How a French Jew helped thousands of immigrant Bulgarians in the direst years of the 20th century
Not all people who make a big difference in history, or attempt to make one, are ahead of great governments or armies. Sometimes, humble clerks are capable of changing the lives of thousands, or millions, just by doing their job and showing compassion to the suffering of ordinary people.
A century ago, a Jewish Frenchman did just that for Bulgaria – twice.
From 1926 to 1932, René Charron, an envoy of the Finance and Economic Research Centre in the League of Nations, helped 250,000 Bulgarian refugees from what are now Romania, Greece and Macedonia to start a new life. His idea was simple and effective. He secured an international loan and spent it on the building of new, practical and inexpensive houses, on buying livestock and updating public infrastructure.
To grasp the change that Charron wrought, you have to imagine Bulgaria after the Great War. The country had fought in three separate wars and lost two of them, dubbing them national catastrophes. The refugees arriving in Bulgaria from Aegean Thrace, Macedonia, Dobrudzha and the borderlands with the Kingdom of Yugoslavia were one of the most visible reminders of the losses. Their sad caravans carried dispirited people who had neither homes, nor work or hope. They settled where they could or where they were told by the government – on the outskirts of cities, towns and villages, including Sofia. They built shanties and struggled to survive.
The government was incapable of helping them. It could barely help itself.
On 27 November 1919, in the Neuilly-sur-Seine neighbourhood of Paris, the embittered Prime Minister Aleksandar Stamboliyski signed a humiliating peace treaty. Bulgaria lost its access to the Aegean and South Dobrudzha. Its army and police forces were severely downsized. Reparations of 2.25 billion gold francs to the victors were imposed. The annual debt payment consumed 55 percent of the state budget and, even after restructuring in 1923, it was still a considerable burden. Moreover, the government found it very difficult to obtain an international loan, as it needed the prior approval of the victors.
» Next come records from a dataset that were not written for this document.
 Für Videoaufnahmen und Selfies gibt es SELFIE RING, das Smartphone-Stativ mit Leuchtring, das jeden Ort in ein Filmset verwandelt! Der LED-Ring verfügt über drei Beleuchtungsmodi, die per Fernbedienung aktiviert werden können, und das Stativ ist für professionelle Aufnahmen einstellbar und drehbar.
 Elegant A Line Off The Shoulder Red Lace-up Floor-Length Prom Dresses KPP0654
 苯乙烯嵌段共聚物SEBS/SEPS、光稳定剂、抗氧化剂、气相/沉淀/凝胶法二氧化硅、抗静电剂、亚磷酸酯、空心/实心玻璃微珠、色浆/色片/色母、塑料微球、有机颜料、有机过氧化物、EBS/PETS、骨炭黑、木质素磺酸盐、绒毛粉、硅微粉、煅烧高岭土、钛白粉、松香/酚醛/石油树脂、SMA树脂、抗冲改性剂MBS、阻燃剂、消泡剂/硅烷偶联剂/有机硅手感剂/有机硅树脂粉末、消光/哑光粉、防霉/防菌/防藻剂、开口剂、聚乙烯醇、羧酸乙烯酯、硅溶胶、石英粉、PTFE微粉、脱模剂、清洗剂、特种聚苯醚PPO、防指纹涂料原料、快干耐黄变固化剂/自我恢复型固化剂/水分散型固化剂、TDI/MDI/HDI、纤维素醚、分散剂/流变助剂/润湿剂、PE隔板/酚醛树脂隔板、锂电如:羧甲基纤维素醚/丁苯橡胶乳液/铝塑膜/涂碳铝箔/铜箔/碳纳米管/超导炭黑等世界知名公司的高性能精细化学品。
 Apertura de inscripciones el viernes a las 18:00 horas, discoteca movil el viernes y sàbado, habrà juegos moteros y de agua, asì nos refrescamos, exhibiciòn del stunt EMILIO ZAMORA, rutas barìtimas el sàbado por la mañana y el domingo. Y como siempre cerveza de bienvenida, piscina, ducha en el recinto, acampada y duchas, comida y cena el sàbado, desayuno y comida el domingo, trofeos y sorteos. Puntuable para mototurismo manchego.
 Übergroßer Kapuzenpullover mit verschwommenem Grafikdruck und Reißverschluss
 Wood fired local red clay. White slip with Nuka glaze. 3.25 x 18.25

The League of Nations and René Charron helped change this dire situation.
That ill-fated organisation, created after the Great War with the intention of "putting an end to all war," completely failed at its original task. In certain areas, however, it really was a force for good. In 1925, for example, the League reacted quickly to the Greek invasion of Bulgaria and forced Greece to pay compensation for its "unprovoked aggression."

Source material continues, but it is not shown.